Could anyone help me with this monster?
it's the integral 1/((x^4) + 4) dx
Any help you could give would be Awesome!!!
$\displaystyle \int \frac{1}{x^4 + 4}dx = \int \frac{1}{(x^2 - 2x + 2)(x^2 + 2x + 2)}dx$
$\displaystyle \frac{Ax + C}{x^2 - 2x + 2} + \frac{Bx + D}{x^2 + 2x + 2}$
$\displaystyle Ax(x^2 + 2x + 2) + C(x^2 + 2x + 2) + Bx(x^2 - 2x + 2) + D(x^2 - 2x + 2) = 1$
Where C and D are 1/4,
$\displaystyle Ax(x^2 + 2x + 2) + 1/2x + Bx(x^2 - 2x + 2) = 0$
Well I just checked wolfram, the answer they've got is
$\displaystyle \frac{1}{8}tan^{-1}(x + 1) - \frac{1}{8}tan^{-1}(1 - x) + \frac{1}{16}ln(x^2 + 2x + 2) - \frac{1}{16}ln(x^2 - 2x + 2)$
Edit: Working backwards, that's
$\displaystyle \frac{1}{8} \int \frac{1}{1 + (x + 1)^2}dx - \frac{1}{8} \int \frac{-1}{1 + (1 - x)^2}dx$ $\displaystyle + \frac{1}{16} \int \frac{2x + 2}{x^2 + 2x + 2}dx - \frac{1}{16} \int \frac{2x - 2}{x^2 - 2x + 2}dx$
Edit: Where the denominators of the inverse tangents are just disguised forms of the other denominators.

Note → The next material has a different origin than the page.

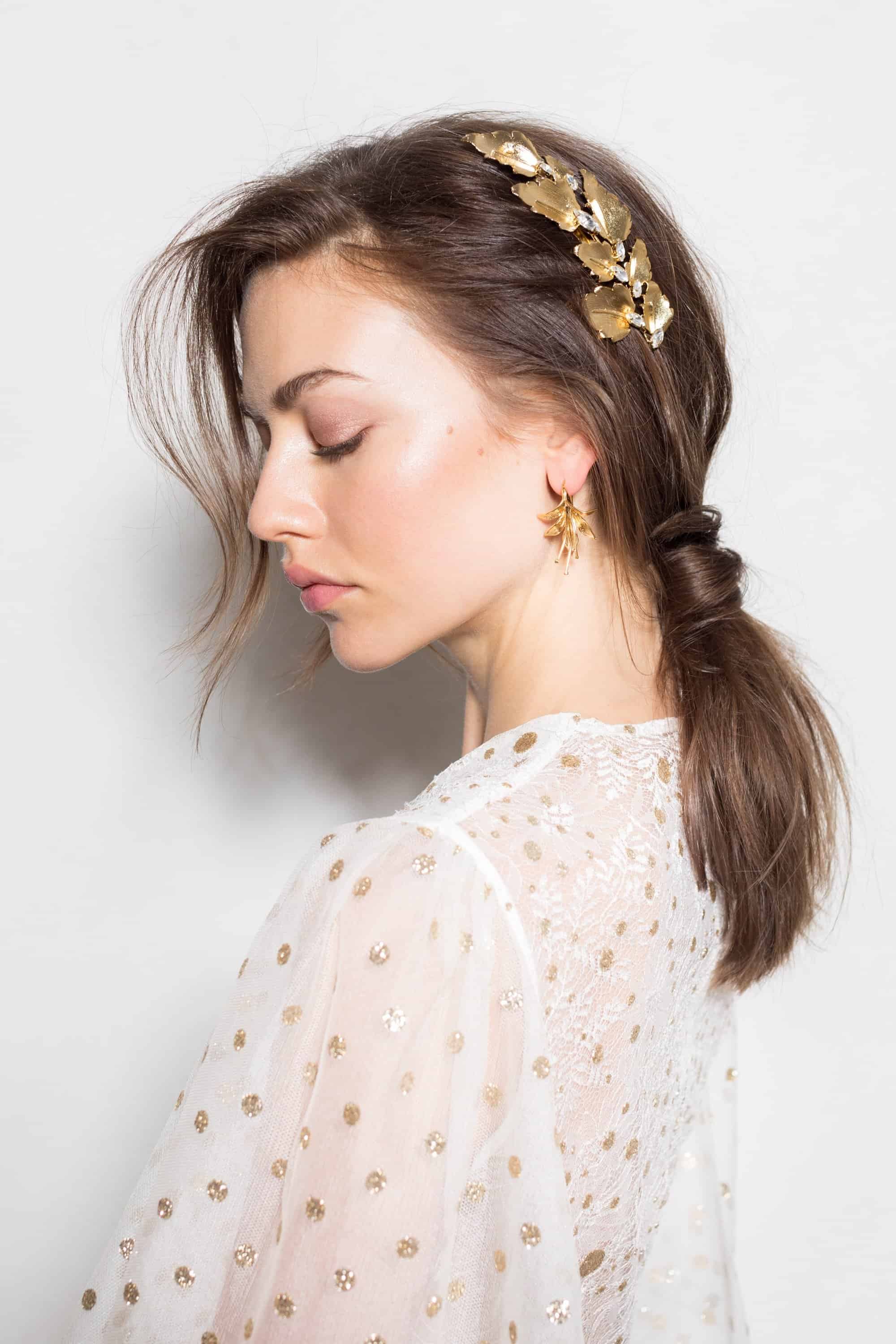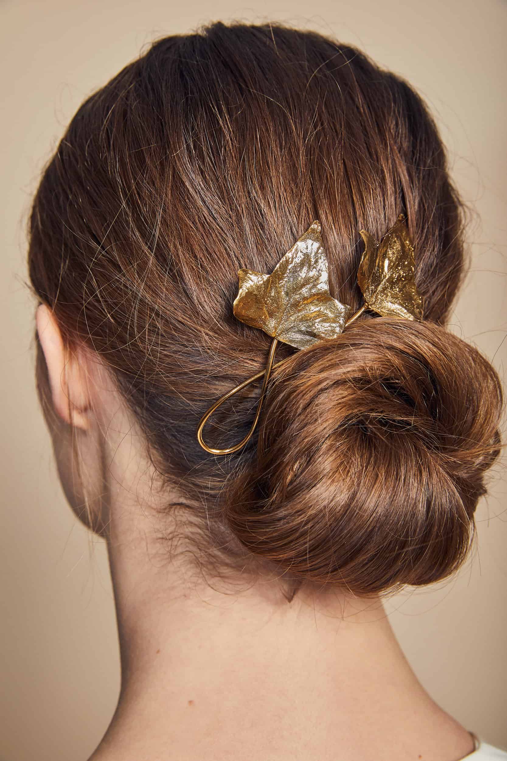 4- أكسسوارات شعر جاني بالتزر: مشط شعر من الأوراق الذهبية
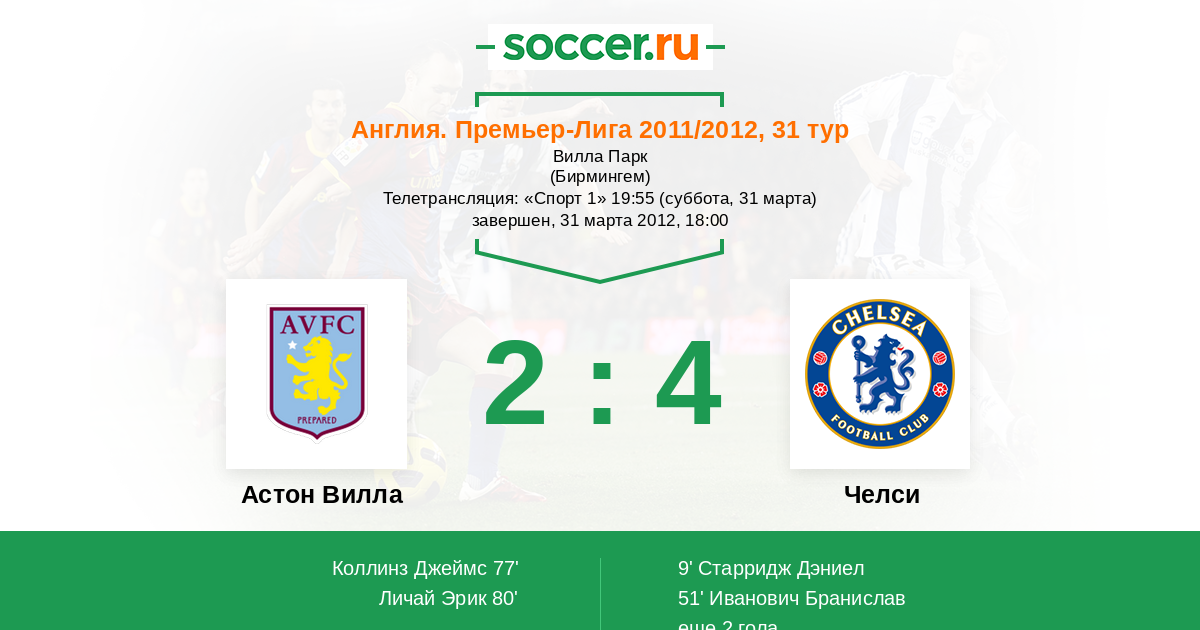 Астон Вилла - Челси: обзор матча 31 марта 2012

$\displaystyle \frac{4}{x^4 + 4} = \frac{x^2 + 2}{x^4 + 4} - \frac{x^2 - 2}{x^4 + 4}=\frac{1 + \frac{2}{x^2}}{(x - \frac{2}{x})^2 + 4}- \frac{1- \frac{2}{x^2}}{(x + \frac{2}{x})^2 - 4}.$ let $\displaystyle y=x-\frac{2}{x}$ and $\displaystyle z=x + \frac{2}{x}.$ then: $\displaystyle 4 \int \frac{dx}{x^4 + 4} = \int \frac{dy}{y^2 + 4} - \int \frac{dz}{z^2 - 4},$ and the rest is easy now.